Bürgerforum

Rhader Dorfentwicklung: Konzept für die neue Mitte kommt

Das Rhader Bürgerforum kam nach langer Zwangspause zusammen. Die Dorfentwicklung war das beherrschende Thema.
Die Rhader vermissen einen echten Dorfkern mit Aufenthaltsqualität. © Guido Bludau

Erstmalig sollte das Bürgerforum draußen, unter freiem Himmel, stattfinden, um trotz aller Corona-Sorgen vielen Rhader Bürgerinnen und Bürgern eine Teilnahme in angenehmer und sicherer Atmosphäre zu ermöglichen. Der Wettergott spielte jedoch nicht mit. Die Freiwillige Feuerwehr Rhade sprang kurzentschlossen ein und stellte in Absprache mit der städtischen Leitung ihre große Feuerwehrgerätehalle zur Verfügung.

Dieser Wechsel des Veranstaltungsortes, der nicht mehr angekündigt werden konnte und auch der Neustart nach immerhin fast anderthalb Jahren Corona-Pause verhinderten wahrscheinlich eine größere Beteiligung. So kamen immerhin 45 Teilnehmer zusammen, um insbesondere das geplante Dorfentwicklungskonzept für Rhade zu diskutieren.

Für die Arbeitsgruppe Dorfentwicklung stellten Heribert Triptrap und Reinhard Meisner ihre zurückliegenden Aktivitäten mit dem Start in 2019 dar. Höhepunkte waren zwei Online-Befragungen von Oktober 2020 bis Januar 2021 mit großer Beteiligung und zahlreichen Wünschen und Vorschlägen für ein auch zukünftig lebenswertes Rhade. Die daraufhin angebotene Bürgerwerkstatt im Juni 2021 erarbeitete mögliche Ziele für Rhade, die aus neun verschiedenen Projektgruppierungen mit insgesamt 23 Maßnahmenschwerpunkten gebildet wurden. Die Ergebnisse sind online hinterlegt worden.

Abschließende Diskussion im November-Forum

Bis spätestens Mitte Oktober werden nun das beauftragte Planungsbüro, die Stadt und die Arbeitsgruppe Dorfentwicklung Rhade einen abschließenden Entwurf für ein zukünftiges Dorfentwicklungskonzept Rhade erarbeiten und anschließend für die Bürgerschaft veröffentlichen. Im November soll dann im nächsten Bürgerforum eine abschließende Diskussion geführt werden und ein daraus folgendes Empfehlungsvotum für einen Ratsbeschluss abgegeben werden.

Eine rege Diskussion, die nicht kontrovers geführt wurde, sondern großes Interesse an einzelnen Themenpunkten offenbarte, schloss sich an.

Hans-Peter Steffens berichtete dann von einer bisher noch nicht erfolgreichen Initiative, die Kultur- und Weiterbildungslandschaft speziell für Rhade auszuweiten und zu beleben.
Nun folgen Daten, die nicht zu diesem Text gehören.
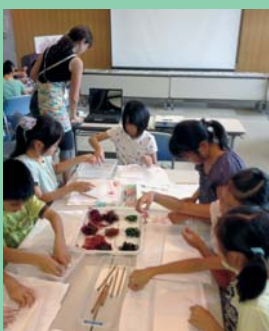
海藻おしばりがき作り

区内在住・在勤または在学の方を対象に、環境学習に関する様々な講座を実施しています。今年度も、地球温暖化の仕組みや、天体望遠鏡作り、エコな調理など12種類の講座を予定しています。環境保全活動を目的とした特定非営利法人や、環境先進技術を持つ民間企業等の専門性を活かした環境学習講座を実施しています。

Schutzhütte erhält neue Radständer

Zwei Anträge zur Unterstützung aus Mitteln des städtischen Bürgerbudgets wurden einstimmig angenommen. Die Rhader Schutzhütte für Wanderer und Fahrradfahrer erhält neue, stabilere Fahrradständer aus Stahl und das Orgateam erhält wetterfeste Plakat-Aufsteller für die Ankündigung der Versammlungen.